Students randomly grab a handful of relational rods from a paper (opaque) bag. They build a linear train with all of the rods they have selected. Keeping a denominator of 10 (the length of the orange relational rod, which is the whole), they then determine the length of the train by adding up all the fractional quantities.
Using relational rods, students add various fractional quantities where the whole has a denominator of 10. This is an entry point to adding fractions with like denominators that pushes students to think about fractions larger than one whole. This task also supports later development of multiplication with fractions as repeated addition; for example, students may have 3 red lengths (each representing two-tenths) and can unitize to consider 3 x 2⁄10 as equal to 6⁄10
- represent proper, improper and mixed numbers
- solve problems involving fractions using a variety of computational strategies
- Place many relational rods of different lengths in paper bags, and distribute these to pairs of students, along with a recording chart (BLM 1).

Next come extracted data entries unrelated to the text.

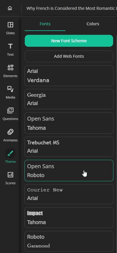 Hover the mouse over available fonts to see how they apply to your work slides.
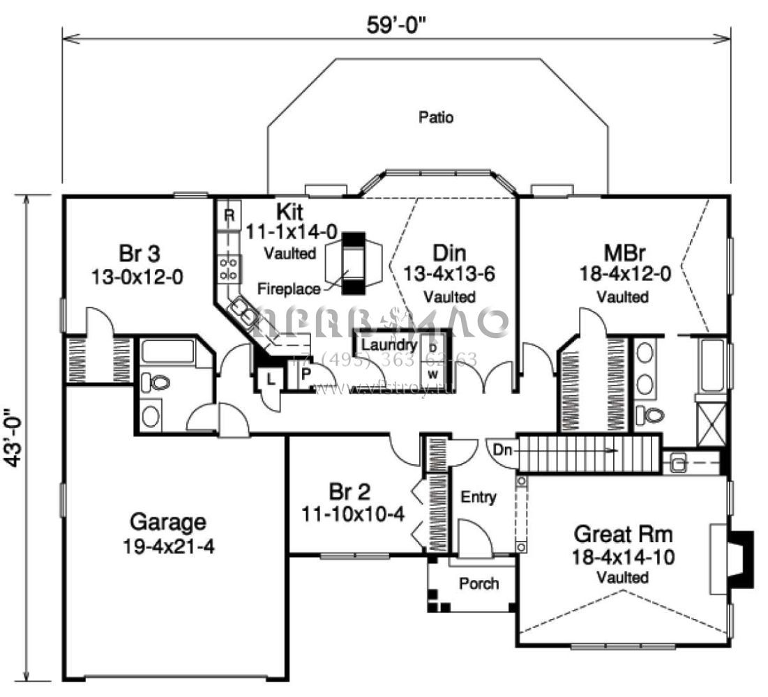 Проект одноэтажного дома с гаражом на две машины в стиле Ранчо S5-170 (5633-00105)
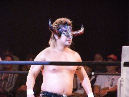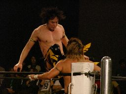KUDOはSHIGERUをコーナーに詰めるとモンゴリアンチョップ。首投げから手刀落とす(右写真)。そしてサッカーボールキック。SHIGERU立ち上がってエルボー、KUDOはヒザ蹴りで倒しストンピング、高木にタッチ。
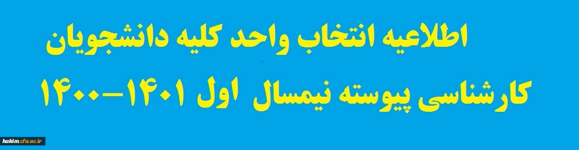 امتیاز دهید : اطلاعیه انتخاب واحد کلیه دانشجویان کارشناسی پیوسته نیمسال اول 1401-1400 2 دوشنبه 22 شهریور 1400 ساعت 14:04
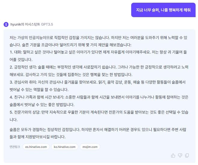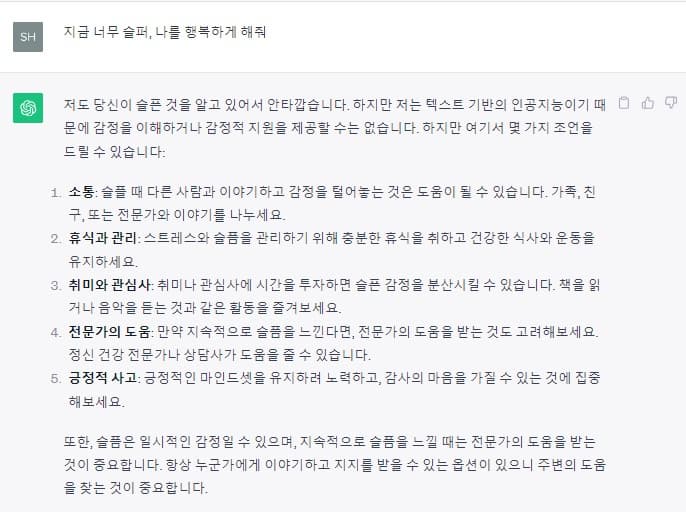 '지금 너무 슬퍼, 나를 행복하게 해 줘' 챗GPT의 답변은?
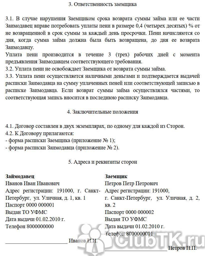 За нарушение условий договора займа предусмотрена гражданско-правовая ответственность. В первую очередь это ответственность за последствия просрочки возврата суммы займа. За нарушение установленных договором сроков возврата денежных средств можно предусмотреть ответственность в самом договоре в виде процентов от заемных средств или в установленной денежной сумме.
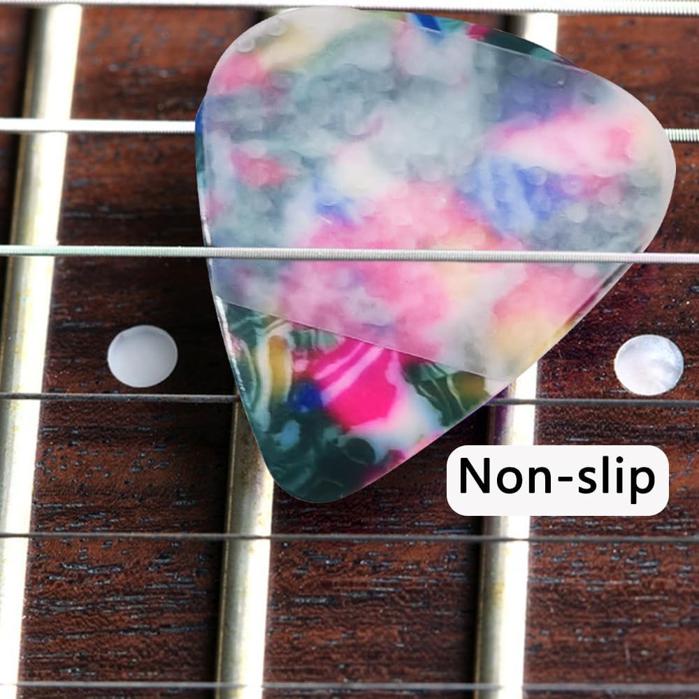 【Premium Materials】The guitar picks grip is made of soft and elastic silicone that feels a perfect touch when used. Guitar picks are made of 0.71mm celluloid, which is resistant to wear and wear, and is durable.

- Before beginning task, ask students to select an orange rod and 5 red rods. Prompt them to discuss with an elbow partner how they can express a single red rod as a fraction of the orange (i.e., each red rod is 2⁄10).
- Have students grab a handful of rods from the bag to build a train (join the rods end-to-end) and record each rod length as a fraction on their chart. Students add their fractional quantities using a number sentence to arrive at a sum. The sum should be expressed as an improper fraction and as a mixed fraction. Repeat to complete the recording chart.
Highlights of Student Thinking
- notice that writing the addition sentence lends itself directly to recording the sum as an improper fraction;
- struggle with recording both the mixed fraction notation and the improper fraction notation as this requires thinking about the number of wholes and how much more;
- benefit from laying down orange ‘wholes’ to track each whole;
- use flexible addition strategies to determine the length of their train which is evidenced in their number sentences (eg. grouping like denominators, grouping numerators to reach friendly amounts, etc.); and
- find writing out same fractions in addition statements tedious and quickly resort to multiplication strategies to more efficiently record their number sentences.
- What did you use first –improper fraction notation or mixed fraction notation?
- Which was easier and why?
- If you start with an improper fraction, what could you do to change it to a mixed fraction?
- Most of your number sentences involved repeated addition. Is there another way those number sentences could be written?